### Provided material
* * * * * * *

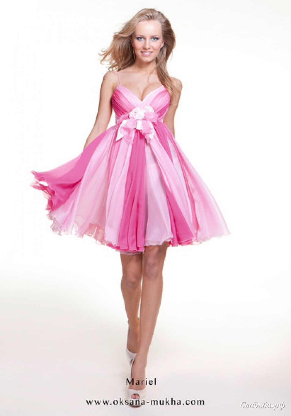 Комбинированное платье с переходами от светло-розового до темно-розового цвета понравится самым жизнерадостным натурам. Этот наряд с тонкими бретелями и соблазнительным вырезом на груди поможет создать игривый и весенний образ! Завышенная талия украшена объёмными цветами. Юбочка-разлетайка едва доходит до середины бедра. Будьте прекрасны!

* * * * * * *

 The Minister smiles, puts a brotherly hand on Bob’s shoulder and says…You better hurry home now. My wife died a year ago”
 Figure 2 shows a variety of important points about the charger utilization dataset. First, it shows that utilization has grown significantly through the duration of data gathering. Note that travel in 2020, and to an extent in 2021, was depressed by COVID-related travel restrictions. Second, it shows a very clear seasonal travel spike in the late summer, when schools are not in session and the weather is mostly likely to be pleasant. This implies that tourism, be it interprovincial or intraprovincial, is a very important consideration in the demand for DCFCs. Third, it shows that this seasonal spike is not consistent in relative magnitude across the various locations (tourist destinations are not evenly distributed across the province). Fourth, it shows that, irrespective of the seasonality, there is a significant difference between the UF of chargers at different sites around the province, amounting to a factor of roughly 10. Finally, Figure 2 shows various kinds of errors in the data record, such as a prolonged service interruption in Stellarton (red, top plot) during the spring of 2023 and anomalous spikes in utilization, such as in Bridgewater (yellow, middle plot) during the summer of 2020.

* * * * * * *

### Exercise requirements
Repeat exactly the lines of the listing above, from the one with "The Minister smiles, puts" down to the one with "Figure 2 shows a"; both of those lines belong in the range.

### Exercise answer
 The Minister smiles, puts a brotherly hand on Bob’s shoulder and says…You better hurry home now. My wife died a year ago”
 Figure 2 shows a variety of important points about the charger utilization dataset. First, it shows that utilization has grown significantly through the duration of data gathering. Note that travel in 2020, and to an extent in 2021, was depressed by COVID-related travel restrictions. Second, it shows a very clear seasonal travel spike in the late summer, when schools are not in session and the weather is mostly likely to be pleasant. This implies that tourism, be it interprovincial or intraprovincial, is a very important consideration in the demand for DCFCs. Third, it shows that this seasonal spike is not consistent in relative magnitude across the various locations (tourist destinations are not evenly distributed across the province). Fourth, it shows that, irrespective of the seasonality, there is a significant difference between the UF of chargers at different sites around the province, amounting to a factor of roughly 10. Finally, Figure 2 shows various kinds of errors in the data record, such as a prolonged service interruption in Stellarton (red, top plot) during the spring of 2023 and anomalous spikes in utilization, such as in Bridgewater (yellow, middle plot) during the summer of 2020.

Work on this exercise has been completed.